Under disclosure process 2, if she's informed it's Monday, her credence of heads is 1,000,001/1,000,002. However, this is not implausible at all. It's correct. This statement is misleading: "It is, after all, rather gutsy to have credence 0.999999% in the proposition that an unobserved fair coin will fall heads." Beauty isn't predicting what will happen on the flip of a coin, she's predicting what did happen after receiving strong evidence that it's heads.
ETA (5/9/2010 5:38AM)
If we want to replicate the situation 1000 times, we shouldn't end up with 1500 observations. The correct way to replicate the awakening decision is to use the probability tree I included above. You'd end up with expected cell counts of 500, 250, 250, instead of 500, 500, 500.
Suppose at each awakening, we offer Beauty the following wager: she'd lose $1.50 if heads but win $1 if tails. She is asked for a decision on that wager at every awakening, but we only accept her last decision. Thus, if tails we'll accept her Tuesday decision (but won't tell her it's Tuesday). If her credence of heads is 1/3 at each awakening, then she should take the bet. If her credence of heads is 1/2 at each awakening, she shouldn't take the bet. If we repeat the experiment many times, she'd be expected to lose money if she accepts the bet every time.
The problem with the logic that leads to the 1/3 solution is it counts twice under tails, but the question was about her credence at an awakening (interview).

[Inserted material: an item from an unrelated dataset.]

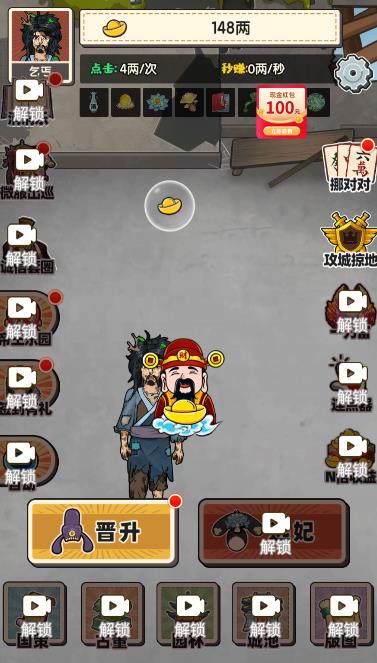 钱袋子保卫战,一款以明朝为背景的逆袭之旅 小游戏 ,玩家扮演朱重八,从一个小乞丐开始,通过疯狂点击赚取元宝,逐步教育臣民、选妃,最终逆袭成为皇上。
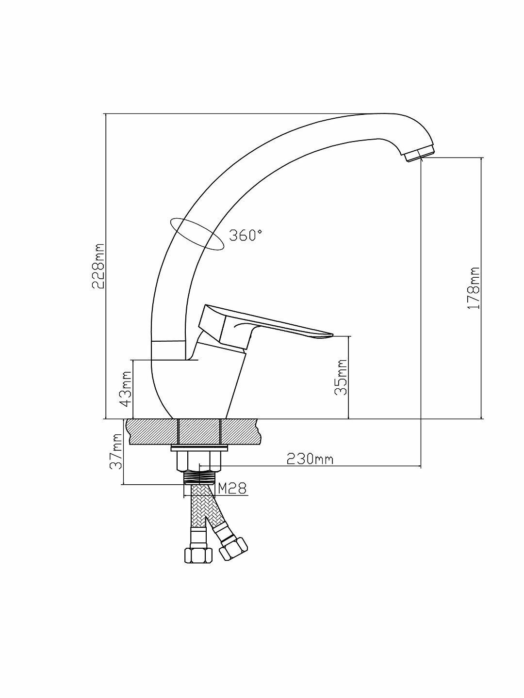 Смеситель для кухни, BOOU B8274-10F, латунь, поворотный излив, однорычажный, с гибкой подводкой

ETA (5/10/2010 10:18PM ET)
Suppose this experiment were repeated 1,000 times. We would expect to get 500 heads and 500 tails. So Beauty would be awoken 500 times after heads on Monday, 500 times after tails on Monday, and 500 times after tails on Tuesday. In other words, only in a third of the cases would heads precede her awakening. So the right answer for her to give is 1/3.
Another way to look at it: the denominator is not a sum of mutually exclusive events. Typically we use counts to estimate probabilities as follows: the numerator is the number of times the event of interest occurred, and the denominator is the number of times that event could have occurred.

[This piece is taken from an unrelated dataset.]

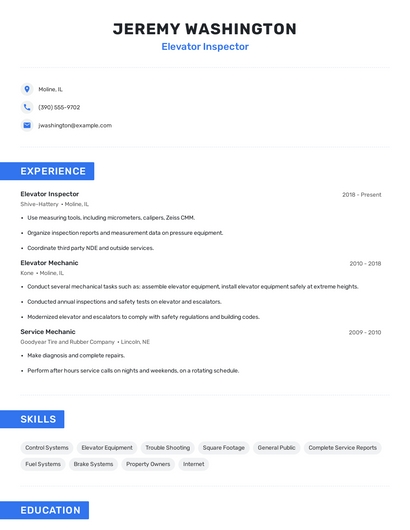 The most important skills for an elevator inspector resume and required skills for an elevator inspector to have include:

For example, suppose Y can take values 1, 2 or 3 and follows a multinomial distribution with probabilities p1, p2 and p3=1-p1-p2, respectively. If we generate n values of Y, we could estimate p1 by taking the ratio of #{Y=1}/(#{Y=1}+#{Y=2}+#{Y=3}). As n goes to infinity, the ratio will converge to p1. Notice the events in the denominator are mutually exclusive and exhaustive. The denominator is determined by n.

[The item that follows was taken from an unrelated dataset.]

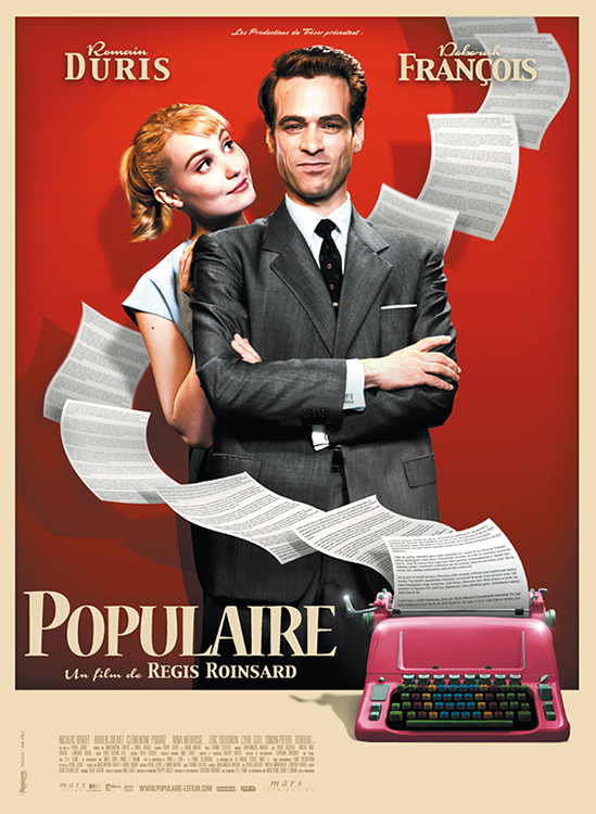 POPULAIRE (2012) DIR Régis Roinsard PROD Alain Attal SCR Régis Roinsard, Daniel Presley, Romain Compingt CAM Guillaume Schiffman ED Sophie Reine, Laure Gardette MUS Robin Coudert, Emmanuel D’Orlando CAST Romain Duris, Déborah François (Rose Pamphyle), Bérénice Bejo, Shaun Benson, Mélanie Bernier, Nicolas Bedos, Miou-Miou, Eddy Mitchell

The thirder solution to the Sleeping Beauty problem has as its denominator sums of events that are not mutually exclusive. The denominator is not determined by n. For example, if we repeat it 1000 times, and we get 400 heads, our denominator would be 400+600+600=1600 (even though it was not possible to get 1600 heads!). If we instead got 550 heads, our denominator would be 550+450+450=1450. Our denominator is outcome dependent, where here the outcome is the occurrence of heads. What does this ratio converge to as n goes to infinity? I surely don't know. But I do know it's not the posterior probability of heads.